**Exercise instructions:**
Report each line of the records below that holds the word "dengan".

Exercise data START

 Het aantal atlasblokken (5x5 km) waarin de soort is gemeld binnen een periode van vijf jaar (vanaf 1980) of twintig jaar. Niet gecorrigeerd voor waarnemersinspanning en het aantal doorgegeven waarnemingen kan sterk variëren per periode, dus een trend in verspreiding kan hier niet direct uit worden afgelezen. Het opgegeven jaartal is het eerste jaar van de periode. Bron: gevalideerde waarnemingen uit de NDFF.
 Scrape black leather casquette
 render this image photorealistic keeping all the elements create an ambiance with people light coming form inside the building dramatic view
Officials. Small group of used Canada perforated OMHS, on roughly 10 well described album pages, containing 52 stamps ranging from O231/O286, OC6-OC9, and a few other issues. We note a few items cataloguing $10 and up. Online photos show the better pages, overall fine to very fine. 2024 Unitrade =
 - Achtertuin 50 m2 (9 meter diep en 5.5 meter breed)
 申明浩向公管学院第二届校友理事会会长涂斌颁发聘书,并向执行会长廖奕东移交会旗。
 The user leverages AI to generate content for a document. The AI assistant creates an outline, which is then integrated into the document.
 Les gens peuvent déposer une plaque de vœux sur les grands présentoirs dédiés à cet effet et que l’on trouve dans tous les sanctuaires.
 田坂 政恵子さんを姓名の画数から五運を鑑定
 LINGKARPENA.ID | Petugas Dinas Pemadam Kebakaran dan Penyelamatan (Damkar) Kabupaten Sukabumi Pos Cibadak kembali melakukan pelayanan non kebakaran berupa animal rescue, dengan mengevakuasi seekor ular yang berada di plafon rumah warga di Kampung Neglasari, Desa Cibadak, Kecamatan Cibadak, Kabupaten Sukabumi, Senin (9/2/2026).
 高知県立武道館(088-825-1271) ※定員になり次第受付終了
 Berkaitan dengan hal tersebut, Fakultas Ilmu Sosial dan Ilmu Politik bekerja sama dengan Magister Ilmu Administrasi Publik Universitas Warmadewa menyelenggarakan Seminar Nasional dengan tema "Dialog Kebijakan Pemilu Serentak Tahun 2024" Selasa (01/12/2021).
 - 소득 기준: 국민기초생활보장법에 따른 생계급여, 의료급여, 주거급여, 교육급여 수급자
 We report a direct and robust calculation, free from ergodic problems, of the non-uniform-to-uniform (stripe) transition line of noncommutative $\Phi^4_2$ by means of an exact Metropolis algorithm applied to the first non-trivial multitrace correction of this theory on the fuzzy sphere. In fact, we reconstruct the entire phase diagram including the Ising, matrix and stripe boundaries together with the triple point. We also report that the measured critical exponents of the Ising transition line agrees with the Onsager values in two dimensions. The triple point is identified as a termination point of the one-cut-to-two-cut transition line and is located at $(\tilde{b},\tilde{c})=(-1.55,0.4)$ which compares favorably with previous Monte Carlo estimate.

Exercise data END

**Final answer:**
 LINGKARPENA.ID | Petugas Dinas Pemadam Kebakaran dan Penyelamatan (Damkar) Kabupaten Sukabumi Pos Cibadak kembali melakukan pelayanan non kebakaran berupa animal rescue, dengan mengevakuasi seekor ular yang berada di plafon rumah warga di Kampung Neglasari, Desa Cibadak, Kecamatan Cibadak, Kabupaten Sukabumi, Senin (9/2/2026).
 Berkaitan dengan hal tersebut, Fakultas Ilmu Sosial dan Ilmu Politik bekerja sama dengan Magister Ilmu Administrasi Publik Universitas Warmadewa menyelenggarakan Seminar Nasional dengan tema "Dialog Kebijakan Pemilu Serentak Tahun 2024" Selasa (01/12/2021).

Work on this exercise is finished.